▸ **WHAT NEEDS TO BE DONE**:
I need the lines below from the one with "第一条借款币种和金额:(元)。" down to the one with "국경 간 해바라기 유리" reproduced exactly, both ends included, and nothing else.

══ RECORDS PROVIDED ══

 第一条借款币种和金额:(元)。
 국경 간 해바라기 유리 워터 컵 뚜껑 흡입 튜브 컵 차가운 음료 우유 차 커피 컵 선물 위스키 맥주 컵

═══
══ RECORDS PROVIDED ══

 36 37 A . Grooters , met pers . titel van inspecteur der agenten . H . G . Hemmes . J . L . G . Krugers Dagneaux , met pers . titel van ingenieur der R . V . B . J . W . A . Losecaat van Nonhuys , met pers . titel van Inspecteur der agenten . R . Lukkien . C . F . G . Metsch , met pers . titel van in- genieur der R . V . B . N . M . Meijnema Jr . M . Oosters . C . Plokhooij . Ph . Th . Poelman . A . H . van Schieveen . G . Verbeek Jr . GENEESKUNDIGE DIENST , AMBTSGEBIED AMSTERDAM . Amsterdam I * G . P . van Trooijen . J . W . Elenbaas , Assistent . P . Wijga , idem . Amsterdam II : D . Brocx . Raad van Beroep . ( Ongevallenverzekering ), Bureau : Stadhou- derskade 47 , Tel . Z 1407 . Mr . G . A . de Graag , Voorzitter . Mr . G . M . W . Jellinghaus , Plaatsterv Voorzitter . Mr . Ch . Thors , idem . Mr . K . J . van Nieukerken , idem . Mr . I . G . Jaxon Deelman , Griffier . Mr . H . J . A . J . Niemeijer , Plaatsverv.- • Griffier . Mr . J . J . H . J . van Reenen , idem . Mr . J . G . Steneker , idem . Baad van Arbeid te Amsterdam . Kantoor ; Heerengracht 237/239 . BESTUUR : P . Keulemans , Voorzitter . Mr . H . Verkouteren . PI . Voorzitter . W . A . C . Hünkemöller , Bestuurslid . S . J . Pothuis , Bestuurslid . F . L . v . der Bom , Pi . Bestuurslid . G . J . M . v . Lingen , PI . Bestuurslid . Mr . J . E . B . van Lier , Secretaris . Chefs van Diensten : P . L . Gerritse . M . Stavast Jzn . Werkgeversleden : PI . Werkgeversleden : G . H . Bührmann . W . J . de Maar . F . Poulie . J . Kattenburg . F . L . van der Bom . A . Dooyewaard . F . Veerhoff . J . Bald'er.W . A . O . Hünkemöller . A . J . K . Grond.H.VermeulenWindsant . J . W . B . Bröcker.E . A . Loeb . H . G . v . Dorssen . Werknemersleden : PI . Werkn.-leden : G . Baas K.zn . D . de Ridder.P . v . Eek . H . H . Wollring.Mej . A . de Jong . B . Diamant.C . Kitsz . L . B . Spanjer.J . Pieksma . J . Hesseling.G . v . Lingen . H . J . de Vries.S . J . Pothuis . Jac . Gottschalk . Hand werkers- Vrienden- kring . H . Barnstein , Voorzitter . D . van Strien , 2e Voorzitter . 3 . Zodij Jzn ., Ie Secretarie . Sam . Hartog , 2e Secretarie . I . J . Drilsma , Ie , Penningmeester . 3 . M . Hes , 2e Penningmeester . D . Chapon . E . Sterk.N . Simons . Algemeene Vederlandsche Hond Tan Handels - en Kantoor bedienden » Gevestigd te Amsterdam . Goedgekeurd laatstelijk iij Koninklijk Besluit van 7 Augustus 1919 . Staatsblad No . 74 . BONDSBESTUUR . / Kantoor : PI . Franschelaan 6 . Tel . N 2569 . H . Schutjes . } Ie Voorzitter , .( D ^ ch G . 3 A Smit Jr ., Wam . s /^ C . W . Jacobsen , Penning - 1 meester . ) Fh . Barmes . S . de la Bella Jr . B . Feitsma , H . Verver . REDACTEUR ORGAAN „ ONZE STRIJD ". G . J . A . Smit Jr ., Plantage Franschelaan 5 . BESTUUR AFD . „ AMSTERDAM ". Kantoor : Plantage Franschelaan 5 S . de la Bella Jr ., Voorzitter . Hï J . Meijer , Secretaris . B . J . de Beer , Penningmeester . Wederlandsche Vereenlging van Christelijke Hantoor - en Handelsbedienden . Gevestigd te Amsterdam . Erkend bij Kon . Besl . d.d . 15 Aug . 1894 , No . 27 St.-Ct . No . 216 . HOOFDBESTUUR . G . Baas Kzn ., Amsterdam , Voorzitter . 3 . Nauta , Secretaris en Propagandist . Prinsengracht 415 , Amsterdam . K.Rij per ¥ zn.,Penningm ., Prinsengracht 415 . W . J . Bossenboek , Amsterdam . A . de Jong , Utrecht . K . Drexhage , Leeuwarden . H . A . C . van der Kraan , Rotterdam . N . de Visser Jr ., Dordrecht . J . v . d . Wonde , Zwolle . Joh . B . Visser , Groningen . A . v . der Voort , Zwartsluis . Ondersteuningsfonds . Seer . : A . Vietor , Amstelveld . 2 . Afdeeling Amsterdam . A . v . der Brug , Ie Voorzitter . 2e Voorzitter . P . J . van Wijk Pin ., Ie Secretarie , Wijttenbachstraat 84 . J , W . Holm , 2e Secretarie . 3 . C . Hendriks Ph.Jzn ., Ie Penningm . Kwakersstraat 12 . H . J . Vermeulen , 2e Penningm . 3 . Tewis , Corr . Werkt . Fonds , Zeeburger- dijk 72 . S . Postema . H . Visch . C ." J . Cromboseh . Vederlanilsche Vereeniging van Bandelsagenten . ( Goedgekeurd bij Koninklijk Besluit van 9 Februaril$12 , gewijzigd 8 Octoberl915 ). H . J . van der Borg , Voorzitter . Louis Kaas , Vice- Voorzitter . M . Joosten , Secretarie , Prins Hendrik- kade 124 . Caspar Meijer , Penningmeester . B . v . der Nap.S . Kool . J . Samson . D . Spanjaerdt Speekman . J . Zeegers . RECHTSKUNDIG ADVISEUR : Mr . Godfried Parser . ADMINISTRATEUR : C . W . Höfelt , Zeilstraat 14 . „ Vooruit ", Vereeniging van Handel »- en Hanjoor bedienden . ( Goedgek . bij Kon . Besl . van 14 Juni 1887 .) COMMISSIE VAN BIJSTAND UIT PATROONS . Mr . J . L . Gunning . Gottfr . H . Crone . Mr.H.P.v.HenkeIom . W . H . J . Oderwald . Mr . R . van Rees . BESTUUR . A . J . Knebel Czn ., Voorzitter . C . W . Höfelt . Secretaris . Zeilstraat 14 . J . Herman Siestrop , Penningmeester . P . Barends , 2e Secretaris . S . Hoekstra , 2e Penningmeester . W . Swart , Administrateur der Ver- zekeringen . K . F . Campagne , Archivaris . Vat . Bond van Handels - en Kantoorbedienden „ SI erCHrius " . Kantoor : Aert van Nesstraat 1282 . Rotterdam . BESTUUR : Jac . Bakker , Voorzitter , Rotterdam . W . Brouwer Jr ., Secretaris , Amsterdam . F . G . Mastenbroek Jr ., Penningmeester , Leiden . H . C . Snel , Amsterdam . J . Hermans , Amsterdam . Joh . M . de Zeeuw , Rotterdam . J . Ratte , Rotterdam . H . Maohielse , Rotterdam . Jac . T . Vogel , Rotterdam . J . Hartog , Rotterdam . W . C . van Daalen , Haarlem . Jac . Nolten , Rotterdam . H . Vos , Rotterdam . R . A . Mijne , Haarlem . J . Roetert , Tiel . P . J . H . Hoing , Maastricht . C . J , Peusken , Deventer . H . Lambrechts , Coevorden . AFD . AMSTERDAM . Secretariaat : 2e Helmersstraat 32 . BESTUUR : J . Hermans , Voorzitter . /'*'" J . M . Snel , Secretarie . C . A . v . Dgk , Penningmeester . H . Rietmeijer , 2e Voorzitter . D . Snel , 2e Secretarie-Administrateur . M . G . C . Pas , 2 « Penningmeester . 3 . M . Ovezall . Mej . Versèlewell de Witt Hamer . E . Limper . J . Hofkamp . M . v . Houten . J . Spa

═══

▸ **WRITTEN RESPONSE**:
 第一条借款币种和金额:(元)。
 국경 간 해바라기 유리 워터 컵 뚜껑 흡입 튜브 컵 차가운 음료 우유 차 커피 컵 선물 위스키 맥주 컵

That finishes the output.